__Dataset extract__:
•••
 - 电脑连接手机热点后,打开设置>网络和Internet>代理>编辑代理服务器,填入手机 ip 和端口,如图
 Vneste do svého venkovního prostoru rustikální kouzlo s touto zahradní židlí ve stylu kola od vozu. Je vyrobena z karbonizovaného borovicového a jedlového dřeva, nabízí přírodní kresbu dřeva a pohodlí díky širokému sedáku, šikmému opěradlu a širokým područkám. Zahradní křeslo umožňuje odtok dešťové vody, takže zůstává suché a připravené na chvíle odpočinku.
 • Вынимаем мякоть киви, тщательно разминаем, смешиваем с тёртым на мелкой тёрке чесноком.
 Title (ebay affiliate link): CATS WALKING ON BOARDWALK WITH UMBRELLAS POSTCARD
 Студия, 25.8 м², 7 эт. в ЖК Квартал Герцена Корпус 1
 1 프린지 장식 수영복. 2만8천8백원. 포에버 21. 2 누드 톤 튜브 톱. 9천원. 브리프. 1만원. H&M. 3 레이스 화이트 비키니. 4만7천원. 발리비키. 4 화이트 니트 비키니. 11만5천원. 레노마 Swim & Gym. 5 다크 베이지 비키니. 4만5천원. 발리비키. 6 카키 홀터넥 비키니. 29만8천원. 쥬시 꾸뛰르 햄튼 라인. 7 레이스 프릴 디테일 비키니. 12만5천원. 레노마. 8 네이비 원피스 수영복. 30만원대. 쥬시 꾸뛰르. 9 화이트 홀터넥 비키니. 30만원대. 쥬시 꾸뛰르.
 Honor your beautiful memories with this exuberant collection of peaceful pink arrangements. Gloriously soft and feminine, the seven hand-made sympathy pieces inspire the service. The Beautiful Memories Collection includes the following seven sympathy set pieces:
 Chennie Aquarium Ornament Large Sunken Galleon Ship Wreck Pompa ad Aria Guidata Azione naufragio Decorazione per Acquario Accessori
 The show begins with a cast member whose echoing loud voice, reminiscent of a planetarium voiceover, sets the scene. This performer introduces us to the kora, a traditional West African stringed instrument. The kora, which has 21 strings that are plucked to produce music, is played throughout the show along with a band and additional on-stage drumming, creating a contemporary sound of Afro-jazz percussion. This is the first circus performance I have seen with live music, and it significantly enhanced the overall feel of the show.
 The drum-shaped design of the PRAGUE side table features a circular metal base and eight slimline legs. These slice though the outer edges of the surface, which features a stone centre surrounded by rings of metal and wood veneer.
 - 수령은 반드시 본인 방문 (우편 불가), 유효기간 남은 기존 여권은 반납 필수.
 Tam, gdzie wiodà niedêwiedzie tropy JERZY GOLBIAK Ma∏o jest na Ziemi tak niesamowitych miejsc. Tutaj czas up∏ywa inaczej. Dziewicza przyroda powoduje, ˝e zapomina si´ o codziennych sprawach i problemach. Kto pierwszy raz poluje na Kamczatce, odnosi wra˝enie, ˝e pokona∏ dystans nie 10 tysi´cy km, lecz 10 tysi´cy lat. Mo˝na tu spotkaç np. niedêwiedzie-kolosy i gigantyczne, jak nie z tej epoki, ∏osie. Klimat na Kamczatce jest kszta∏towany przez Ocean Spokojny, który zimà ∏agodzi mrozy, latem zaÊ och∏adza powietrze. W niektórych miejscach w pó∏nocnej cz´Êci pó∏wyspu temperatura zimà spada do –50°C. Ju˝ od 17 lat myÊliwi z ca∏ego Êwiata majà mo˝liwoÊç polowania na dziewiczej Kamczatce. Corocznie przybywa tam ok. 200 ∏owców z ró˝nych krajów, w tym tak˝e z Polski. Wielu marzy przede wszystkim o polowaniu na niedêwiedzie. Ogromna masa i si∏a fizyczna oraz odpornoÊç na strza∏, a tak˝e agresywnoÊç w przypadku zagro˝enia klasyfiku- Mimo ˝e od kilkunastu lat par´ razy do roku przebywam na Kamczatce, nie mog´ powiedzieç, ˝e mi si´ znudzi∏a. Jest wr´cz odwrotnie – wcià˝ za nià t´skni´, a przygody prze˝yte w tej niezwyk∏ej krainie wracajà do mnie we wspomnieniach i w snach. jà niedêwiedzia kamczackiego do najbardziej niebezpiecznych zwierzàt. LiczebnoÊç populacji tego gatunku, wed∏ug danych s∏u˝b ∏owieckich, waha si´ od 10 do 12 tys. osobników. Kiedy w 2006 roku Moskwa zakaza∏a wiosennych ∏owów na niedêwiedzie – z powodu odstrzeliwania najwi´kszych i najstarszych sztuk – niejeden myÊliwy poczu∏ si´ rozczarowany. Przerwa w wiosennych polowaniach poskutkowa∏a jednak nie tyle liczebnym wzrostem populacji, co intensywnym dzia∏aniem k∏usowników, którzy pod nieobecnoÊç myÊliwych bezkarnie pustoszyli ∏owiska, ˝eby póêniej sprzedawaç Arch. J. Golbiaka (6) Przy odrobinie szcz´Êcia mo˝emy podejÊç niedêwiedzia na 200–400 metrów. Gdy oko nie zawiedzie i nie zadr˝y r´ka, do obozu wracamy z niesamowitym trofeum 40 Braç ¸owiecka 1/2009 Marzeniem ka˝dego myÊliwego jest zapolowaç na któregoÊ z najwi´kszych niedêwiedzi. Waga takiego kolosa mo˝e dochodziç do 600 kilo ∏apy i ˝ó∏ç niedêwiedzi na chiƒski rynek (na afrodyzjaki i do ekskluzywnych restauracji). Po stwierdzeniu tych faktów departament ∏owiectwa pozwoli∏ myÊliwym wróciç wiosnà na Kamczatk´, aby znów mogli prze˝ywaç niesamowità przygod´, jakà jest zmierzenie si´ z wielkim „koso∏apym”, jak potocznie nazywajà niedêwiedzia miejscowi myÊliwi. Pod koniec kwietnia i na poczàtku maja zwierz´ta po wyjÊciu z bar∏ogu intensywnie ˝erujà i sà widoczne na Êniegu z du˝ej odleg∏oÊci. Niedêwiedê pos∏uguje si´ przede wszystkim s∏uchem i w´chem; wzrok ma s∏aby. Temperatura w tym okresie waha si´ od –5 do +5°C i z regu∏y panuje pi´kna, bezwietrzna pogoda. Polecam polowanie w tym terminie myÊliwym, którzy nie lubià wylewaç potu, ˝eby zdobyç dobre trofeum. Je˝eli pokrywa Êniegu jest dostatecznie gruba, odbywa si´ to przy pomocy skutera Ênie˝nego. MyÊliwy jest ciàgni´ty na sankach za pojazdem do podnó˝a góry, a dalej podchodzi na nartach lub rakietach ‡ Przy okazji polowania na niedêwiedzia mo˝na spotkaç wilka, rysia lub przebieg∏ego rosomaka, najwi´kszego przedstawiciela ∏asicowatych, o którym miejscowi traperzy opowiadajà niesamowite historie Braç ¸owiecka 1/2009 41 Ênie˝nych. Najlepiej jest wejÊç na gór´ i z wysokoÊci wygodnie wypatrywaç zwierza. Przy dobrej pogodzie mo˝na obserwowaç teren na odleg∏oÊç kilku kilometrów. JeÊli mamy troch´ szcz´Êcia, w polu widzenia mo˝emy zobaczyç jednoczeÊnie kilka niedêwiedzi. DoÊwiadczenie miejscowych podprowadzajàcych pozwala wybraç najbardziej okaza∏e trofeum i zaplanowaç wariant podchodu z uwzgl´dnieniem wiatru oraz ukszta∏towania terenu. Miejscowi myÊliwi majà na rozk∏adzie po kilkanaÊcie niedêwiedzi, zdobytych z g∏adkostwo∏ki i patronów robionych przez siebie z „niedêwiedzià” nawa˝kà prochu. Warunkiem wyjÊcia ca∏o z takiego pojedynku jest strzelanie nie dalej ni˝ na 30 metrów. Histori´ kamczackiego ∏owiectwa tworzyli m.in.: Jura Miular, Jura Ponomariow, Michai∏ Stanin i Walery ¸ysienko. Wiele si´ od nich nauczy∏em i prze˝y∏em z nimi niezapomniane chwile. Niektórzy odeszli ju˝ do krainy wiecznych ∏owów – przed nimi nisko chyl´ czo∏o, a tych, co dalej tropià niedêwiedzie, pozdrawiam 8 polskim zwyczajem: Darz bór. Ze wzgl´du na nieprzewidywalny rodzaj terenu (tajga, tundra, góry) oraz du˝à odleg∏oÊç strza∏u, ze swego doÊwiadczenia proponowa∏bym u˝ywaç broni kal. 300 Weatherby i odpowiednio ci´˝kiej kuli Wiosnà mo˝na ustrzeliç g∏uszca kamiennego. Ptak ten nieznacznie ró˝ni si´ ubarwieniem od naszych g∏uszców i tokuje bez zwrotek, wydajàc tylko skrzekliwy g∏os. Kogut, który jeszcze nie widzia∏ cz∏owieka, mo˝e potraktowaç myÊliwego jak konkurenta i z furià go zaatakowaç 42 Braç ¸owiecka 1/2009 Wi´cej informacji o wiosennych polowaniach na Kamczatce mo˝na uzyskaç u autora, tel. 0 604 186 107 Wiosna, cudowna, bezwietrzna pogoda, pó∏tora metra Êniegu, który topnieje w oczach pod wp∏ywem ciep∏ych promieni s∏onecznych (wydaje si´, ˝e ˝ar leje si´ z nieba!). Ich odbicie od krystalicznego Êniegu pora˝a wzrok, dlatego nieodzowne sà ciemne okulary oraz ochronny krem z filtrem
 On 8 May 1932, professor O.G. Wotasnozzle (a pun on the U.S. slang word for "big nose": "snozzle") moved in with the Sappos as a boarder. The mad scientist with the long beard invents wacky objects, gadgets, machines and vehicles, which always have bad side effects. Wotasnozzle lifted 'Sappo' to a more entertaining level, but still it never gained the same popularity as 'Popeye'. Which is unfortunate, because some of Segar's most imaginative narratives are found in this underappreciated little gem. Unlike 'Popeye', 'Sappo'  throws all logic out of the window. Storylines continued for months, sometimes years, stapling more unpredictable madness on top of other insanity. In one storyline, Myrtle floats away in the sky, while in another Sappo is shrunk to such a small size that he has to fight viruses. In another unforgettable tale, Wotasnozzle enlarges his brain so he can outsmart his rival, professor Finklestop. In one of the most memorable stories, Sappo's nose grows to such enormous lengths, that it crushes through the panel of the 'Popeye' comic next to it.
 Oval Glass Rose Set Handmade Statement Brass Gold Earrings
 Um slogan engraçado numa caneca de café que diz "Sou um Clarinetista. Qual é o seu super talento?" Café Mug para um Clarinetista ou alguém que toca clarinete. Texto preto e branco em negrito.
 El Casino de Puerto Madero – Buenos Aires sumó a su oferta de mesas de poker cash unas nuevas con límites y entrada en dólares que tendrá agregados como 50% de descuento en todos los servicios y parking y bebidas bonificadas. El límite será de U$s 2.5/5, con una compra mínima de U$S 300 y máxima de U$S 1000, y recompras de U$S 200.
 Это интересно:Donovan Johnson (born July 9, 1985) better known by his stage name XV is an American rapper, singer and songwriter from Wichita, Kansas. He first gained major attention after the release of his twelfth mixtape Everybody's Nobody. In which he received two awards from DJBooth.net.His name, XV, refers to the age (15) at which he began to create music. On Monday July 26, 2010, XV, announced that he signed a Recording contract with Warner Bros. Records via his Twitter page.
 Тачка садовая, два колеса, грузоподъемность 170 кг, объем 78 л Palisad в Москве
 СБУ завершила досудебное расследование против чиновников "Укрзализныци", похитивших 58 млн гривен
•••
__Work item__:
Transcribe, exactly and without additions, the lines of the records above, beginning with the line that contains "мелкой тёрке чесноком." and ending with the line that contains "Chennie Aquarium Ornament", both included.

__Solved exercise__:
 • Вынимаем мякоть киви, тщательно разминаем, смешиваем с тёртым на мелкой тёрке чесноком.
 Title (ebay affiliate link): CATS WALKING ON BOARDWALK WITH UMBRELLAS POSTCARD
 Студия, 25.8 м², 7 эт. в ЖК Квартал Герцена Корпус 1
 1 프린지 장식 수영복. 2만8천8백원. 포에버 21. 2 누드 톤 튜브 톱. 9천원. 브리프. 1만원. H&M. 3 레이스 화이트 비키니. 4만7천원. 발리비키. 4 화이트 니트 비키니. 11만5천원. 레노마 Swim & Gym. 5 다크 베이지 비키니. 4만5천원. 발리비키. 6 카키 홀터넥 비키니. 29만8천원. 쥬시 꾸뛰르 햄튼 라인. 7 레이스 프릴 디테일 비키니. 12만5천원. 레노마. 8 네이비 원피스 수영복. 30만원대. 쥬시 꾸뛰르. 9 화이트 홀터넥 비키니. 30만원대. 쥬시 꾸뛰르.
 Honor your beautiful memories with this exuberant collection of peaceful pink arrangements. Gloriously soft and feminine, the seven hand-made sympathy pieces inspire the service. The Beautiful Memories Collection includes the following seven sympathy set pieces:
 Chennie Aquarium Ornament Large Sunken Galleon Ship Wreck Pompa ad Aria Guidata Azione naufragio Decorazione per Acquario Accessori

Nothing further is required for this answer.